— От восторга и напился, — рассказывал Восторгов. — Знаешь, а они там дураки… Я образок на барахолке за рупь купил, над свечкой его держал, чтобы копоти побольше, а выдал за старинный. Взяли! Теперь бы мне еще самого государя повидать. Я бы ему свои сочинения поднес… Устрой мне, Гриша, а?
На что Распутин отвечал — веско:
— Ишь ты, хвост-то как высоконько задираешь… Восторгов сразу хвост поджал:
— Ах, Гриша, Гришуня… знал бы ты, сколько я на тебя денег своих извел, так ты не обижал бы меня словами этими. Распутин шмякнул перед ним раздутый бумажник:
— А задавись! — сказал. — Отсчитай скока хошь и больше не липни…
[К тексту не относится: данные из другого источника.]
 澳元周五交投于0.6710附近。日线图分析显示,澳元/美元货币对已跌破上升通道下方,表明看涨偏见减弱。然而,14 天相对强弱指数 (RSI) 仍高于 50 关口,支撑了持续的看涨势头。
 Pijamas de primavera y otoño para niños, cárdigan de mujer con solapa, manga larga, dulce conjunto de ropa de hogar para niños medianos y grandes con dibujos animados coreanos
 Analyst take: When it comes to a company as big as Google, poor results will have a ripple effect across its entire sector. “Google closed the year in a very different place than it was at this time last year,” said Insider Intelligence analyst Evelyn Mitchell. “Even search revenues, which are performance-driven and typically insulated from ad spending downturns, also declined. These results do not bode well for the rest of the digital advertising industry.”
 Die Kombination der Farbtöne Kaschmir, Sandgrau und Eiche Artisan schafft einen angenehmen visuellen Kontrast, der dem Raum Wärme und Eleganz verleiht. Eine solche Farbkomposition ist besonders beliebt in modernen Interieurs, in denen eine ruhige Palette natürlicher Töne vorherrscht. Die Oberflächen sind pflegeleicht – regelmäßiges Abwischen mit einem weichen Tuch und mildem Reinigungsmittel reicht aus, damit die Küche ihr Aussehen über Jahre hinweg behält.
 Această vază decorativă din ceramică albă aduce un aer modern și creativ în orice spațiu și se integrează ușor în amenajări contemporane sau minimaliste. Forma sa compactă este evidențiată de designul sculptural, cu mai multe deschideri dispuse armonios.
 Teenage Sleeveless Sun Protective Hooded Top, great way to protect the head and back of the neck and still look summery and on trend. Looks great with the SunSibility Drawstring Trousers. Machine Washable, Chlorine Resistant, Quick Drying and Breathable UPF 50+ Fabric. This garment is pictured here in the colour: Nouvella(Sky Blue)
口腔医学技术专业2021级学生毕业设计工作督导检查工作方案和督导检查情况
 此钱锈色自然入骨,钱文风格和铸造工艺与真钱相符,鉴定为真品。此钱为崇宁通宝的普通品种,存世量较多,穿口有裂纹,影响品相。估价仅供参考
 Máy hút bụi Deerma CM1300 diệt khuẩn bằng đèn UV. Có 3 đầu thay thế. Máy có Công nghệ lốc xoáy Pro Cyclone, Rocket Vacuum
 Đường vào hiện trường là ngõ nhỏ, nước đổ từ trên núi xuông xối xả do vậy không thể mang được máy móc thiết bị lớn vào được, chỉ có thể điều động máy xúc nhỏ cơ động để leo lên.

Обойдутся тамотко и без твоих сочинениев!
Чтобы Распутин на него не сердился. Восторгов ему через мокрую тряпку отпарил брюки. Но струна уже натянулась. И лопнула в том самом доме, с которого все и начиналось. На приеме у графини Игнатьевой протоиерей согласно своему сану протянул ей надушенную руку для поцелуя. Старуха не успела еще коснуться ароматной длани священника, как возле ее губ очутилась корявая пятерня Распутина с траурной окантовкой под ногтями. Восторгова заело, почему графиня сначала лобызала Гришкину лапу, а уж потом его…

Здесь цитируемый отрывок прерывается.